Participants of the World Economic Forum in the Swiss resort of Davos on Wednesday shared their opinions about collaboration and separate activity in the frameworks of global crisis overcoming.
French president Nicolas Sarkozy urged countries to respon to the demand for protection, justice and fairness through cooperation, regulation and governance, or "we will have isolation and protectionism."
"The signs of recovery that seem to herald the end of the global recession should not encourage us to be less daring; rather, we must be even bolder"
"We will continue to make the economy run unbearable risks, encourage speculation and sacrifice the long term to the short term unless we change banking regulation, prudential rules and accounting rules."
"We must take care to prevent too abrupt a tightening that would result in global collapse."
The Chairman of JP Morgan Chase International, Jacob Frankel joined him:
"We are falling to the trap of excessive interventionism, excessive protectionism. Money policy cannot do anything anymore. Interest rates are zero. Debt is increasing. This might stifle growth. Danger is, with excessive zeal to protect us all from debt crisis, governments will overly activist. Free trade is a win-win proposition."
Zhu Min, Deputy Governor of People's Bank of China elaborated:
"Risk for sovereign debt crisis is real."
"If you are looking further, the current economic rebound is very weak, it's supported by government expenditure. We don't see a very strong growth engine behind the whole thing in the whole world. Soft landing, government stimuli (driven) rebound growth and landing in self sustainable growth. Even if we (have) soft landing, we need to land to structural economic growth. There is no guarantee everyone will be able to do soft landing. That's potential risk for the global economy today. The U.S. and Europe have around 10 percent of the unemployment rate.....
"It's (the financial sector) still very fragile. Balance mismatching is still a big issue. Obviously more regulation is deserved...."
"The real risk for the global economy is capital flow. Carry trade for dollar is a massive issue today. It causes huge volatility.
It's every important to have stable yuan. It's absolutely important that having stable yuan is good for China and good for the world."
Losef Ackermann, Ceo, Deutsche bank "There are some uncertainties about asset inflation, about commercial real estate in some part of the world, sovereign risk and certainly some of the global imbalances.

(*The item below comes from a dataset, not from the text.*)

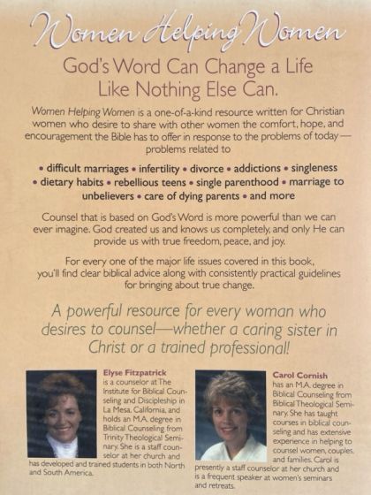 Women Helping Women is a one-of-a-kind resource written for Christian women who desire to share with other women the comfort, hope and encouragement the Bible has to offer in response to the problems of today-problems related to difficult marriages infertility divorce addictions singleness dietary habits rebellious teens single parenthood marriage to unbelievers care of dying parents rebellious teens and more For every one of the major life issues covered in the book, you'll find clear biblical advice along with consistently practical guidelines for bringing about true change. Counsel that is based on God's Word is more powerful than we can ever imagine. God created us and knows us completely, and only He can provide us with true freedom, peace, and joy. A powerful resource for every woman who desires to counsel-whether a caring sister in Christ or a trained professional!

"We will continue to grow but at a more modest pace, on the global scale... you will see strong growth in the emerging economies...
"We should not underestimate the fact that we are in a transforming phase in the world economy."
Among others reporters also cited a governing council member, European Central Bank, Alex Weber's speech:
"We have to do monetary policy for the (monetary) union as a whole... we cannot take into our decisions developments in certain parts."
"We don't expect inflation to significantly surpass 2 percent, so what we are seeing is in line with our definition of price stability and on that end, I am not concerned," Weber told reporters. "We think rates are appropriate at the time."
Reuters has contributed to the report.